Friday, October 7, 2011


Have you been lying sleepless in your bed of late? Do pictures flash in your mind of your teenager racing his car in the streets or your daughter abusing alcohol and getting in sexual dilemmas at the parties she attends? We hold our breath and pray our children will survive the teen and young adult years. There are so many distractions for a young driver these days, they don’t have to be racing to be in danger. The “what if’s” are enough to make us crazy.
Dr. Daniel G. Amen offers validity to these fears in his book, “Magnificent Mind at Any Age”:
“Teens do best when their parents know where they are, who they are with, and what they are doing. Teens do best when they know their parents check on them. You need to be your teen’s prefrontal cortex (the part of the brain that provides supervision, judgment, and impulse control), until they can properly monitor themselves. The prefrontal cortex does not fully develop until we are twenty-five years old, so even supervising young adults is appropriate.”
A parent’s job is not complete when their children are able to take the keys and live more independently. We get confused about our parenting role in this American culture. So, what can we do? Do we follow our children everywhere; hiding behind trees and trucks to spy on their every move? Do we attach a GPS to their cell phones?
Active parenting includes asking questions, checking out our teen’s plans, and supervising certain situations. But, we must also learn to give our teens growing independence and practical tools to make their own healthy, godly choices. If we are the ones making all the decisions for them and shielding them from life’s experiences, they will never learn from mistakes and struggles. But where do we begin?
A parent’s wise Christ-centered instruction helps to grow children spiritually, emotionally, physically and intellectually. The instruction is deliberate. In Proverbs we read about the father teaching his son to get wisdom and instructing him not to forget it. He instructs his son not to turn away from his father’s words, but accept them fully. What are the results for the children who have been instructed and have chosen to honor their parents’ words? Wisdom will guard them and keep them from stumbling. Now that’s what a teen’s mind needs!

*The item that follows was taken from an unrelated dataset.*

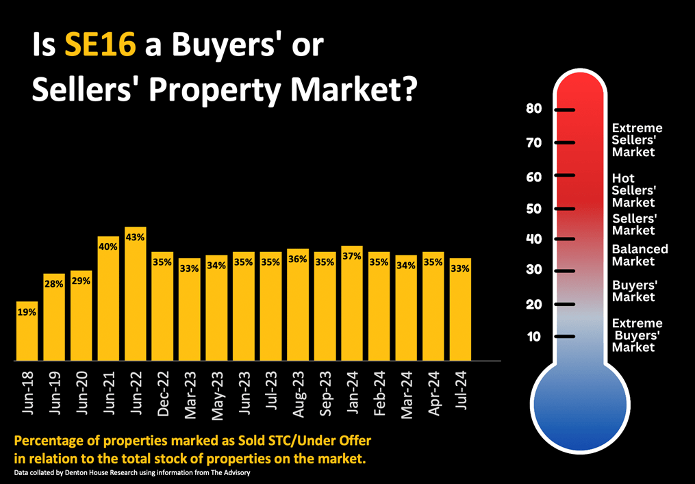 - Throughout 2023, the SE16 property market was in the 30% range (a balanced market).

Hear, O sons, a father’s instruction, and be attentive, that you may gain insight
Let your heart hold fast my words; keep my commandments, and live.
Get wisdom; get insight;
do not forget, and do not turn away
from the words of my mouth.
Do not forsake her, and she will keep you;
love her, and she will guard you.
Hear, my son, and accept my words, that the years of your life may be many.
I have taught you the way of wisdom;
I have led you in the paths of uprightness.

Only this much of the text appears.